Summers indicates from the beginning that he doesn’t want to give "an institutional talk about Harvard’s policies toward diversity," but rather to deliver "some attempts at provocation." That, in part, explains why the speech was given off the record; had it not been, his comments wouldn’t have been as extraordinarily free-ranging and frank. He dared to venture into the thickets of academic gender politics and focus his audience on the need to determine real facts and real causes in order to devise real solutions.

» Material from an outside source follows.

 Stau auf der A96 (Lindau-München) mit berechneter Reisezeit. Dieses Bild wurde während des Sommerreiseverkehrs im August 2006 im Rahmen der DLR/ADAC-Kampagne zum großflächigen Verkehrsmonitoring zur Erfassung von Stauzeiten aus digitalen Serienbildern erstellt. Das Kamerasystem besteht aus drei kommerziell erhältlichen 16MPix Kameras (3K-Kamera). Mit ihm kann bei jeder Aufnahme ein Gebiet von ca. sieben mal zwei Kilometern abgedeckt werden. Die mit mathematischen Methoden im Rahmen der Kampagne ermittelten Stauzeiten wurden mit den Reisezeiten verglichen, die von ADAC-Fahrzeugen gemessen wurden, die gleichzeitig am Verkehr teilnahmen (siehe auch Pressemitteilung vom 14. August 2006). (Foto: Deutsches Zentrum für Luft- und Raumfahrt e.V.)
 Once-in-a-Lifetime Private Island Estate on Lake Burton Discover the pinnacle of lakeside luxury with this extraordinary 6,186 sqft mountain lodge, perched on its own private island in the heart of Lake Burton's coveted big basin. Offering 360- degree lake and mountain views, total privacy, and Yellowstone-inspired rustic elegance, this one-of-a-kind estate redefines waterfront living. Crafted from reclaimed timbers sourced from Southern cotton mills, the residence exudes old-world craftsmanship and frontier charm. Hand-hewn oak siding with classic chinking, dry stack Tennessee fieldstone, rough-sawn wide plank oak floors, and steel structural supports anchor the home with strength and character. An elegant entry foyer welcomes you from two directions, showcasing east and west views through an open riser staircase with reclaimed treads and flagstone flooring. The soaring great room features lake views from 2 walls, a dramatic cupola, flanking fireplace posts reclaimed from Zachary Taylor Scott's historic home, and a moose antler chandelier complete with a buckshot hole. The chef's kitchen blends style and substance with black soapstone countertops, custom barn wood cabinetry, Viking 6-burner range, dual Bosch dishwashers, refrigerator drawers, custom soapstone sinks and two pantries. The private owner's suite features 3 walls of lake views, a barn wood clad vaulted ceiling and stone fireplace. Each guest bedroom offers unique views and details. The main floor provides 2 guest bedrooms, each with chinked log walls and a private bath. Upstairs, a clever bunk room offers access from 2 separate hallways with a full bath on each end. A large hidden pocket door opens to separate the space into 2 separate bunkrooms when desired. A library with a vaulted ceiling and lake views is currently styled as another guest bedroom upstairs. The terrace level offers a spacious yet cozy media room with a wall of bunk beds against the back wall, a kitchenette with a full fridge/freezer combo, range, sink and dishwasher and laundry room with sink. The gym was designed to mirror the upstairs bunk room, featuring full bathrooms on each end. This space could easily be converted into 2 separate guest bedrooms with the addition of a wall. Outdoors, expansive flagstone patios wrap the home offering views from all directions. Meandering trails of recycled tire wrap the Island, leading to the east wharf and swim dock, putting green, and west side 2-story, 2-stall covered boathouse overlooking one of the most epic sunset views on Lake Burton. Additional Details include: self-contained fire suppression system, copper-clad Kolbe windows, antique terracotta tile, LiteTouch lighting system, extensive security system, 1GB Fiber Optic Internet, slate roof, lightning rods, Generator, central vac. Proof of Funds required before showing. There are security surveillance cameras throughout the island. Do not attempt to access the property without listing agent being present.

Harvard economics professor Edward L. Glaeser, writing an op-ed on February 18 in the Harvard Crimson, sums up the Summers controversy as a conflict over two opposing visions of a university president: "a pleasant figurehead who presides over a growing endowment and speaks donation-related platitudes" versus "an active intellectual, someone who participates fully in the scholarly life, engages in academic debates, and sometimes even throws out hypotheses that are wrong." The latter model, concludes Glaeser, is better than "a fund-raising bureaucrat who protects himself from error by avoiding intellectual discourse."

This is the central point in the controversy. Summers’s critics piled on because he spoke frankly on a topic in which certain points of view had long ago been ruled off-limits by a highly politicized arts-and-sciences faculty accustomed to running the show and establishing the orthodoxies. Whether Summers has the guts to continue the search for truth and for real solutions remains to be seen. It all depends on whether he can regain his footing and stop apologizing for being what university presidents should be, but rarely are.